Quieter deeds of longer gestation

We live in shrill, hysterical times where the media (social, print and broadcast equally) gorge themselves on the public’s prurient fascination with the sexual misdeeds of the celebrated. The air is wearyingly thick with manufactured outrage, boiled up in the echoing vats of Facebook and the 24-hour news channels.

So, David Aaronovitch’s column in yesterday’s Times is timely and welcome:

David Cameron is a privileged Old Etonian who will be remembered for calling and losing a referendum that will have an enormous impact on our lives. No one likes him any more. But, as Jim O’Neill reminded me, Cameron is also the politician who, possibly more than any other in the world, began taking action to avert the disaster that could prevent antibiotics working. …

Like Cameron on antibiotics, once Thatcher was convinced of the science of ozone layer depletion and that it was caused by man-made chlorofluorocarbons (CFCs), she badgered the rest of the world into taking action. She gave a magnificent speech to the Royal Society in 1988 and then another a year later to the UN general assembly making the case for altering behaviour in order to safeguard the future. …

George W Bush, the fabled half-chimp, half-man who couldn’t pronounce words properly and who invaded Iraq. Which must be his eternal legacy, must it not? I interviewed him in 2007 and he wasn’t at all stupid. He told me then that one reason he was impatient with the UN was just how long it took to get anything done. “We’ve been developing this programme to fight malaria,” he said. “We just decided to do it, so we got on with it.”

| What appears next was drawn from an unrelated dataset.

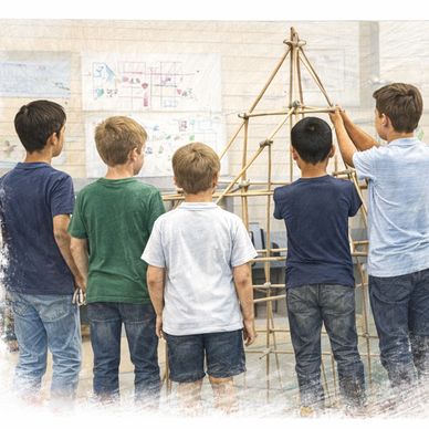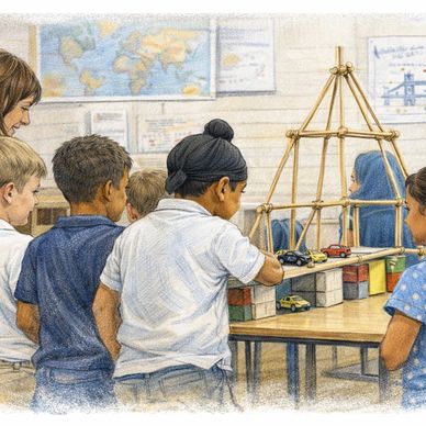A cross-curricular deep dive linking history, geography, maths, science, art and RE through ambitious large-scale builds. Pupils explore world architecture, design with geometry and symmetry, engineer for stability, and present their work in a walk-through exhibition.
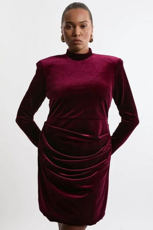 Plus Size Tailored Velvet High Neck Mini Dress

In 2005, having been convinced that malaria could be eradicated, Bush set up the President’s Malaria Initiative. Since then the initiative has bought 320 million antimalarial treatments, given out 140 million mosquito nets and delivered 175 million diagnostic tests. Since 2000, deaths from malaria worldwide are down by 50 per cent.

It’s not easy to look beyond the outrage of the moment and value the importance of quieter deeds of longer gestation.